++++ Records supplied ++++

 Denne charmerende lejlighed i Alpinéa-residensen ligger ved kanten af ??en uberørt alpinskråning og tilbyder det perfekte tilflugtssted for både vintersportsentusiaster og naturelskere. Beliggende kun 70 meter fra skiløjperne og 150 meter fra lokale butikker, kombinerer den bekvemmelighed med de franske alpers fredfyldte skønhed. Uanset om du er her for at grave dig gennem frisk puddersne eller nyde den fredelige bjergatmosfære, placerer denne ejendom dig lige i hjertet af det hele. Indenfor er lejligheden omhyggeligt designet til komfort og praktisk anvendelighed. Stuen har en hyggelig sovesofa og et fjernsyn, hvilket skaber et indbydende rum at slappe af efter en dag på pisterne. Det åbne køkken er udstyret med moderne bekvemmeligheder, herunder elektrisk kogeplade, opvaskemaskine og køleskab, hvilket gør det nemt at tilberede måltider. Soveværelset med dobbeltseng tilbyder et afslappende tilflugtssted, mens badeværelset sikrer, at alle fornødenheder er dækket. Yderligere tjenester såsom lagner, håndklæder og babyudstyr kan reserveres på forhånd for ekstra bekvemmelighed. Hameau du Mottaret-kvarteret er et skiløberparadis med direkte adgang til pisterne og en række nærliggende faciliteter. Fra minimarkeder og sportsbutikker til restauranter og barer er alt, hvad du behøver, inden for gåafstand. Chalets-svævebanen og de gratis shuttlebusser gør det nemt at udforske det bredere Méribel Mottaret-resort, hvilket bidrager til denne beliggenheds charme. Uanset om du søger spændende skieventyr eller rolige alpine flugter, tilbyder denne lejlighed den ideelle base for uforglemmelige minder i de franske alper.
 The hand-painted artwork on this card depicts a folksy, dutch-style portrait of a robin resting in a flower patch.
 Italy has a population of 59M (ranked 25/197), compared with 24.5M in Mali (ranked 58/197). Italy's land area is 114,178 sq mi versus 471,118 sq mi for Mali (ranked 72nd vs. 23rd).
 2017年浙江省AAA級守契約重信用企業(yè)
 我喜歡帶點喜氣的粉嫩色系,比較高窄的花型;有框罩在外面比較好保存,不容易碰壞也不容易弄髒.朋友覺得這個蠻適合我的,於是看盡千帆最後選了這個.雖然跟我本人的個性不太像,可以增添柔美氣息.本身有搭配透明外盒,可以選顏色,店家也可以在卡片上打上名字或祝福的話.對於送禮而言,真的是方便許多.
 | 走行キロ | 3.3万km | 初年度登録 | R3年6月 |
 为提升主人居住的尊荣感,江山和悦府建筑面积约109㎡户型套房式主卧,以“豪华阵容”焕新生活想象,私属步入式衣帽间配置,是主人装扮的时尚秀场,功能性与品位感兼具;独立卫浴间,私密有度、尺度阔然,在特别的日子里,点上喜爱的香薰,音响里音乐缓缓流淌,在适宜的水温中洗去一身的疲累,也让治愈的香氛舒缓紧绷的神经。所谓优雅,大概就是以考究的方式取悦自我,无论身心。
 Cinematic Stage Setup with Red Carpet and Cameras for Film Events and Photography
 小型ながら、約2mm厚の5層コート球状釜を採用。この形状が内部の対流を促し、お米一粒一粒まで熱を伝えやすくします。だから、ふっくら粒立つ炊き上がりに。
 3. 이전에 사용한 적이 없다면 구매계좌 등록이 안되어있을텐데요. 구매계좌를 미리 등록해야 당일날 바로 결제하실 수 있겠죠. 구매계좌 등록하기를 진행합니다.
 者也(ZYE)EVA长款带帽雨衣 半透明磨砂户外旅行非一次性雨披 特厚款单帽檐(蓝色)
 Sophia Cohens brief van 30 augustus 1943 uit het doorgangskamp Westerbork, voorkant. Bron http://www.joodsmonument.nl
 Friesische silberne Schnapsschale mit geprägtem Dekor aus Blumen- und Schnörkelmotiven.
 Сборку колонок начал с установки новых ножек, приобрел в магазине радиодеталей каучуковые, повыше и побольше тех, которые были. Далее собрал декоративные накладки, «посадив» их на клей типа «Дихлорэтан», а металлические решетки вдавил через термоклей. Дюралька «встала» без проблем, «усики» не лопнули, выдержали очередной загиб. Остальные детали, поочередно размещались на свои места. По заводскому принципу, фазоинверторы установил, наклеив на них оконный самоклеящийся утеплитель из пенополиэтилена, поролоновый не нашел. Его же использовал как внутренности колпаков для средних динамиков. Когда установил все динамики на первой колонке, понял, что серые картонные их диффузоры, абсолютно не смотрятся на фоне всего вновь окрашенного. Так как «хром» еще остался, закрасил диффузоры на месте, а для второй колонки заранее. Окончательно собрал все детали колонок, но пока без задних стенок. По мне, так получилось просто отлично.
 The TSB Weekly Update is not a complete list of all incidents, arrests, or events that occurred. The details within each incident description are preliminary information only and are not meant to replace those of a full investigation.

++++

Description of the task: For the material above, reproduce exactly the lines from the line with "为提升主人居住的尊荣感,江山" to the line with "Cinematic Stage Setup", inclusive, and exclude all others.

Response box:
 为提升主人居住的尊荣感,江山和悦府建筑面积约109㎡户型套房式主卧,以“豪华阵容”焕新生活想象,私属步入式衣帽间配置,是主人装扮的时尚秀场,功能性与品位感兼具;独立卫浴间,私密有度、尺度阔然,在特别的日子里,点上喜爱的香薰,音响里音乐缓缓流淌,在适宜的水温中洗去一身的疲累,也让治愈的香氛舒缓紧绷的神经。所谓优雅,大概就是以考究的方式取悦自我,无论身心。
 Cinematic Stage Setup with Red Carpet and Cameras for Film Events and Photography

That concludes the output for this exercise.